Some time ago, when I was given the opportunity of teaching philosophy, I asked my students to tell me what the did the day before the class, and then two days before, and we kept going until we found a day where nobody in the room remembered what we did on that day. We have reached the end of our collective, continuous memory.

That exercise helped to demonstrate the connection between memory and personal identity. It is obvious that each of us can say we are who we are because we remember our life (or at least parts of our lives). Yet, sooner or later, we will find a “gap” in our memories. If we take it seriously, we could even doubt about our own identity.

And now there is a new element which can create even more doubts about who we truly are, or we think we are. According to a study published last January in Cell (a specialized magazine focusing on experimental biology), our long-term memories are formed thanks to a virus that infected the brain of our ancestors hundreds of million of years ago.

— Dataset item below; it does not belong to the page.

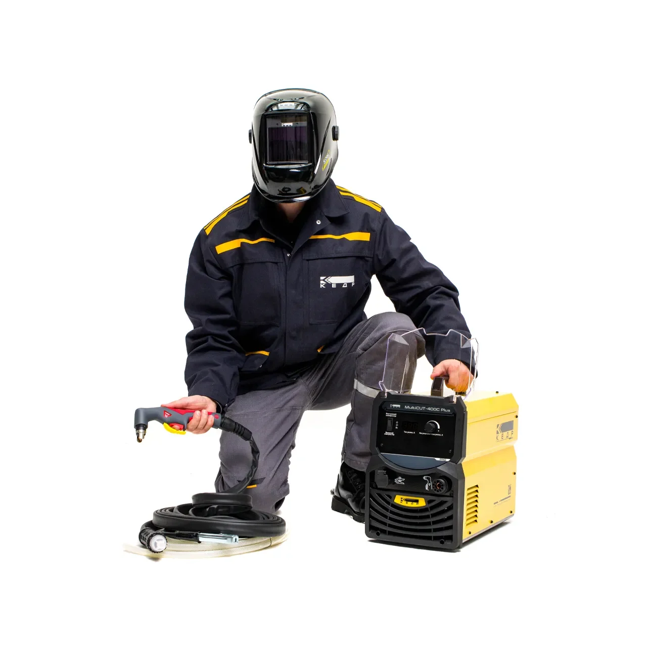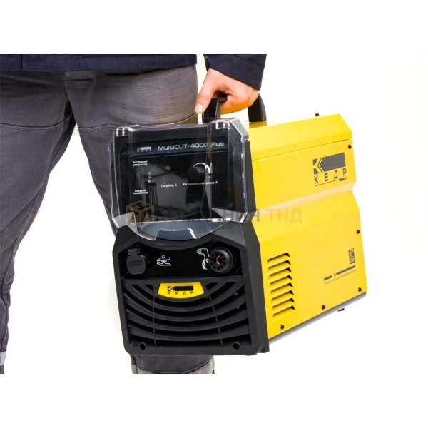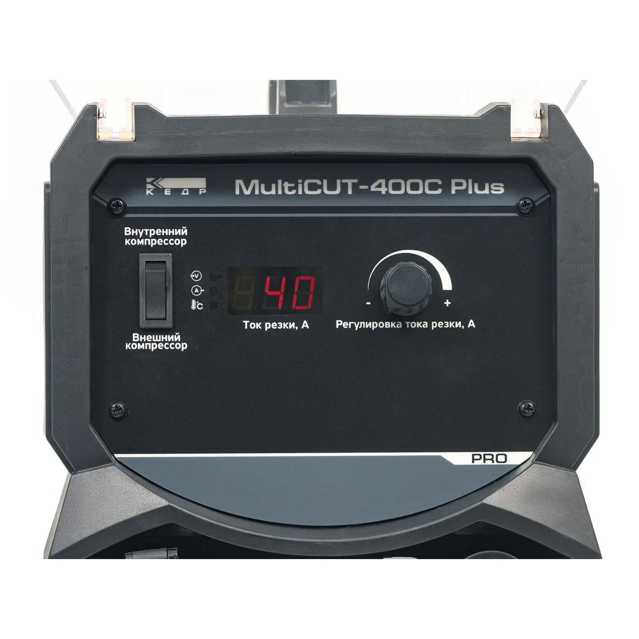 Установка воздушно-плазменная КЕДР MultiCUT-400C Plus (220В, 15-40А, 12 мм). Артикул 8021981. КЕДР MultiCUT-400C PLUS – это аппарат воздушно-плазменной резки нового поколения, позволяющий оперативно выполнять резку металла, в том числе демонтаж конструкций выполненных из чугуна, нержавеющей стали, алюминия и его сплавов, меди и других цветных и чёрных металлов. Благодаря малым габаритам и массе, а также встроенному компрессору аппарат для воздушно-плазменной резки КЕДР MultiCUT-400C PLUS обеспечивает высокую мобильность и позволяет выполнить резку токопроводящих материалов толщиной до 12 мм с высочайшей производительностью и точностью, при этом специалист не привязан к стационарным компрессорным установкам - для работы достаточно бытовой электросети (220В).

And that virus, or its successors, act now as a platform for our neurons to communicate with each other and, therefore, to create our memories. (For technical details and explanations, please see the above-mentioned publication.)

So, it can be said that everything I remember about my past and also about my expectations about the future is the result of the HIV retrovirus infecting a mammal 400 million years ago. Thanks to that infection, we have now the Arc protein, which is the based for the neurochemical operations of our brains.

I can say, then, that I am not who I think I am. I am just the result of an old virus infection an extinct animal. According to the researchers, without that infection, our brain wouldn’t have the “plasticity” needed to create long-term memories.

In other words, the Arc proteins, needed to have memories, are similar to those retroviruses that infected our ancestors. In the same way that viruses spread their genetic material from cell to cell, Arc proteins encapsulate their ARN and transfer it from neuron to neuron, thus creating memories.

I feel now it’s not me remembering “my” past. After all, “I” don’t even now that a certain infection “created” the proteins now playing games with “my” neurons. Perhaps “I” don’t now it because there is no real “I” to know it.

Should I be upset to this new strike against my own sense of being human? Perhaps I should feel relieved. If fact, it doesn’t matter if I am upset or relieved because there are perhaps many more “viruses” infecting my brain and playing games with my mind.

Is there any reason why I should know that a brain infection that happened hundreds of millions of years ago is still affecting me? Perhaps we should realize how much we still don’t know about what it truly means to be human.